Trend 5: Outdated targeting habits crumble with cookies
What do modern digital marketers have in common with prehistoric life on Earth? Mass extinction and a forced evolution event. For ancient flora and fauna, it was an asteroid. For marketers, it is the less celestial death of 3rd party cookies.
3rd party cookies have been the de facto targeting method for as long as digital advertising existed. As the industry moves on from cookies, big questions remain around what will take its place and how marketers will adapt to a new audience targeting environment.
The reality is that there will likely be gaps in reach and scale versus what we are traditionally accustomed to through the use of cookies and audience IDs. However, marketers must be ready for a future where customer privacy plays an outsized role and adapt accordingly.
The solutions will be mixed and vary depending on which end of the marketing and advertising spectrum one falls in.
Enhances customer intelligence where the focus shifts from just looking at your best customers’ historical behaviour to also considering their likely mindset and targeting important life moments. There are already new tools that will enable marketers fill the gap.
Audience identifiers designed to operate in a consumer-centric, privacy-friendly ecosystem.

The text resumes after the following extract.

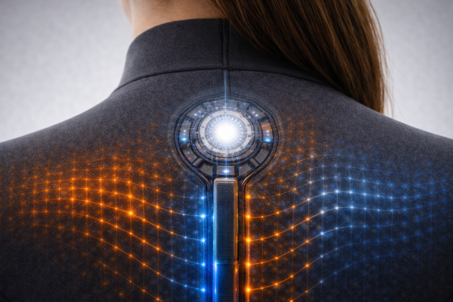 Smart Receptors convert the signals from the Smart Projector into the chosen EXO function. This is accomplished by the activation of the heating or cooling components in the attached Functionality Strip of the EXO. The Smart Receptors are powered by potent, rechargeable, lithium-ion batteries. They will be detachable for charging and able to fit into the Receptor Ports incorporated into every EXO model. Charging will be conducted via a Charging Station that the Smart Receptors are placed on, utilizing wireless power technology to restore the energy levels of the Smart Receptors. Smart Receptors will link to the Smart Projector software via Bluetooth or a custom communications wavelength. The Smart Receptor will be located at the center of the back, just below the neck for upper body models and at the point directly underneath the belt buckle for lower body models.

Contextual intelligence that enables anonymous targeting capabilities based on page content and consumer mindset. Objective measurement solutions built on technologies constructed with a privacy-first approach to measuring real people, across platforms.
While change can be intimidating, modern marketers should be confident and embrace this next evolution of the journey. Yes, operational processes will need to change. But a renewed focus on understanding real prospects and customers to inform new targeting and audience solutions should deliver the same value in reach and scale that they have enjoyed with cookie-based solutions until today.